8. The big data cleaning method based on building structure safety monitoring as claimed in claim 7, wherein the concrete steps of step (3) are:

(3.1) computing a sensor monitoring dataset { y_i1, 2, …, n and a sensor monitoring dataset { a'_iThe average value of each element (i ═ 1, 2, …, n) is expressed as an average value data set { μ R }_i}(i＝1，2，…，n)；

(3.2) computing a sensor monitoring dataset { y_i1, 2, …, n and a mean dataset μ R_iThe difference value of (i ═ 1, 2, …, n) is recorded as data difference value set { dy }_i}(i＝1，2，…，n)；

9. The big data cleaning method based on building structure safety monitoring as claimed in claim 8, wherein the concrete steps of step (4) are:

(4.2) removal of the monitor dataset { x) using one-dimensional wavelet decomposition_iAnd short-period components of the raw temperature data of the sensor to be processed to obtain a smoothed monitoring data set { x'_i1, 2, …, n and smoothed temperature data set t'_i}(i＝1，2，…，n)；

monitoring data difference set { dv_iThe method is as follows:

{dv_i}＝{x’_i}-{x_ij (i ═ 1, 2, …, n) (equation 2)

Temperature data difference set { tv_iThe method is as follows:

{tv_i}＝{t’_i}-{t_ij (i ═ 1, 2, …, n) (equation 3)

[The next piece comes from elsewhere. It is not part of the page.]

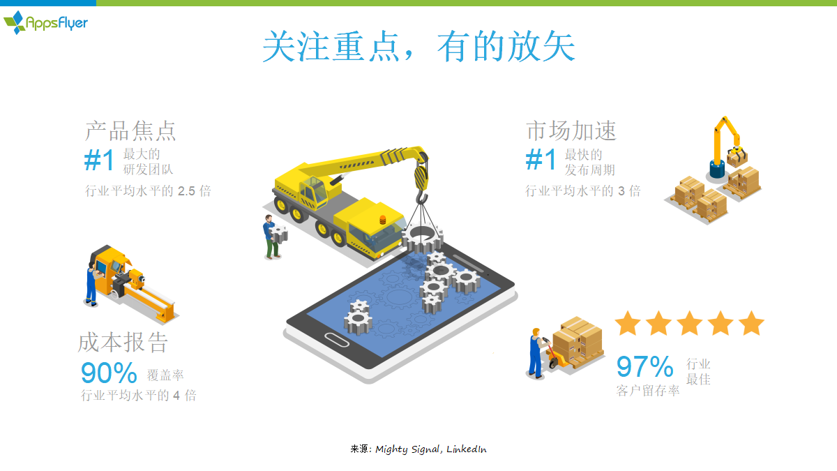 AppsFlyer是一家总部在以色列的创业公司,专注于移动广告效果监控和数据分析。公司成立于2011年,并于2017年1月获得C轮5600万美元融资。基于几家第三方公司的评估,我们占据了国内移动互联网出海80%的市场份额。
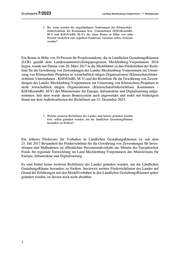 Drucksache 7/2023 Landtag Mecklenburg-Vorpommern - 7. Wahlperiode 2. Bis wann werden die angekündigten Änderungen der Klimaschutz- förderrichtlinie für Kommunen bzw. Unternehmen (KliFöKommRL M-V und KliFöUntRL M-V), die einen Bonus in Höhe von zehn Prozent zusätzlich zum regulären Fördersatz vorsehen sollen, wirksam werden? Ein Bonus in Höhe von 10 Prozent für Projektstandorte, die in Ländlichen GestaltungsRäumen (LGR) gemäß dem Landesraumentwicklungsprogramm Mecklenburg-Vorpommern 2016 liegen, wurde mit Datum vom 20. März 2017 in die Merkblätter zu den Förderhöhen der Richt- linie für die Gewährung von Zuwendungen des Landes Mecklenburg-Vorpommern zur Umset- zung von Klimaschutz-Projekten in wirtschaftlich tätigen Organisationen (Klimaschutzförder- richtlinie Unternehmen - KliFöUntRL M-V) und der Richtlinie für die Gewährung von Zuwen- dungen des Landes Mecklenburg-Vorpommern zur Umsetzung von Klimaschutz-Projekten in nicht wirtschaftlich tätigen Organisationen (Klimaschutzförderrichtlinie Kommunen - KliFöKommRL M-V) des Ministeriums für Energie, Infrastruktur und Digitalisierung aufge- nommen. Seit dem wurde dieses Bonussystem auch angewendet und endet mit bisherigem Stand mit dem Außerkrafttreten der Richtlinien am 31. Dezember 2023. 3. Welche weiteren Richtlinien des Landes sind bereits geändert worden bzw. sollen geändert werden, um die ländlichen GestaltungsRäume besonders zu fördern? Ein höherer Fördersatz für Vorhaben in Ländlichen GestaltungsRäumen ist seit dem 21. Juli 2017 Bestandteil der Förderrichtlinie für die Gewährung von Zuwendungen für Inves- titionen und Maßnahmen im öffentlichen Personennahverkehr aus Mitteln des Europäischen Fonds für regionale Entwicklung im Land Mecklenburg-Vorpommern des Ministeriums für Energie, Infrastruktur und Digitalisierung. Es sind bisher keine weiteren Richtlinien des Landes geändert worden, um die Ländlichen GestaltungsRäume besonders zu fördern. Inwieweit weitere Förderrichtlinien des Landes auf Grund der Erfahrungen mit den Modellvorhaben in den Ländlichen GestaltungsRäumen später geändert werden, ist derzeit noch nicht absehbar. 2

(4.4) calculating a set of difference values { dv } of the monitored data_iFind the mean value mu and standard deviation sigma of (i ═ 1, 2, …, n), and find the monitoring data difference set { dv_iData out of the range (μ -3 σ, μ +3 σ) in (i ═ 1, 2, …, n) is recorded in the monitoring data difference set { dv_iPosition in (i ═ 1, 2, …, n), which is recorded as the set of monitored abnormal trip point data positions { dv-location }_k1, 2, …, p is the number of the abnormal jumping point data;

do not process the same element(ii) a Will be located in the monitoring abnormal jumping point data location set { dv-location_kPosition set of middle and temperature abnormal jumping point data { tv-location }_lThe different elements of the page are marked as the jumping point data positions; in the data set { x_iThe data value of the corresponding position is marked as NaN ″ } (i ═ 1, 2, …, n), and a processed data set { z ═ is obtained_i}(i＝1，2，…，n)。